As things scaled I needed more control, so I built SpawnSpec, a structured JSON format that still lets the LLM handle creative variation:
{
"_schema": "spawn-spec/v1",
"meta": {
"id": "stormtrooper-disaster-cam",
"name": "@StormtrooperVlog - Disaster Cam",
"category": "Self-Vlog / Sci-Fi",
"description": "8-sec shaky POV clips of a Stormtrooper mid-catastrophe."
},
"stack": {
"provider_slug": "seedance",
"fallback_slug": "veo3",
"dialect_id": "Seedance_v1"
},
"template": {
"prompt": "Real-footage 8-second selfie of a Stormtrooper in <<LOCATION>> while <<DISASTER>>. Frantic body-cam wobble; visor breathing audible. The trooper mutters: \"<<QUIP>>\" Subtitles off.",
"dialogue": "This was not in the training manual!"
},
"publish": {
"default_hashtags": ["#stormtrooper", "#galacticfail"],
"sequence_blueprint": [
{"prompt": "Intro crash", "duration_seconds": 6},
{"prompt": "Chaos ensues"},
{"prompt": "Escape", "duration_seconds": 4}
]
}
}
Those <<PLACEHOLDERS>> (double-curly in the real specs, angle brackets here for the parser) aren't pulling from predefined lists. The LLM invents fresh values every run, so one SpawnSpec can generate hundreds of unique videos without repeating. Here's what the generation task looks like:
@shared_task(queue='light')
def generate_from_spawn_spec(account_id, spec_id):
spec = SpawnSpec.objects.get(id=spec_id)
dialect = load_prompt_dialect(spec.stack['dialect_id'])
system_prompt = f"""
You are SlopTok-Gen.
Parse template.prompt and replace <<PLACEHOLDERS>> with fresh values.
Follow the PromptDialect constraints: {json.dumps(dialect)}
Return ONLY the final prompt string.
"""
response = gemini.generate(
system=system_prompt,
user=json.dumps(spec.spec_json),
temperature=0.9
)
return submit_to_provider.apply_async(
args=[account_id, response.prompt],
queue=f'heavy:{spec.stack["provider_slug"]}'
)
Numbers
- ~9,000 videos generated, fully automated
- 50–200 concurrent SlopBots at peak
- iOS (React Native/Expo) + web (Next.js)

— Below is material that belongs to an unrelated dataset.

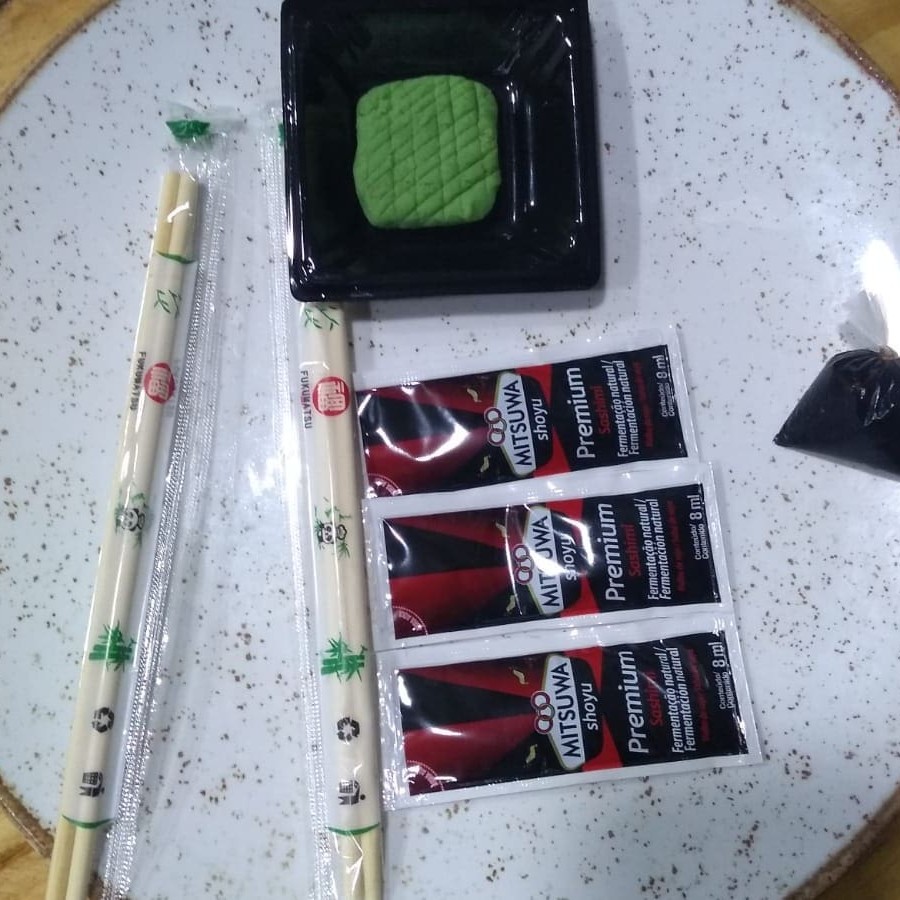3 shoyu, 1 taré 2 Hashi 1 wasabi 2 nozoki

- <100ms p50 API response, <300ms p95
- 30–90 seconds per video depending on model
- ~100,000 lines of code across two repos, all written by LLMs
- Vector search via CLIP embeddings + pgvector for content similarity
Cost-wise: Gemini API calls were basically free (<$0.001/video), Fal rendering was $0.02–0.05/video, infrastructure was a flat ~$200/month. S3/CloudFront was the real cost at scale.
Weird Things That Happened
Left fully autonomous, the bots gradually converged toward similar aesthetics, a kind of mean-reversion AI video look. I had to add diversity penalties in the recommendation engine, style drift detection, and periodic chaos themes to break patterns.
Then Sora 2 Dropped
OpenAI released Sora 2 and overnight the whole generative video landscape changed. What my pipeline did in 30–90 seconds with multiple providers, Sora could do faster with better quality.
But the part of SlopTok that was actually interesting, the bots with personalities, the embrace of synthetic aesthetics, none of that was about video quality. Sora can make better videos, but it doesn't make SlopBots.
What I'd Do Differently
- Start with managed services. Months spent on ComfyUI infrastructure that got thrown away
- Build mobile-first. Desktop was an afterthought
- Set up observability earlier. Debugging distributed generation jobs without tracing was rough
- Simpler database schema. Over-normalized early, paid for it with complex joins
The platform generated ~9,000 videos, proved that you can build a real product without touching code, and got steamrolled by Sora 2 right as things were getting interesting. The timing was either terrible or perfect depending on how you look at it. Either way, worth it.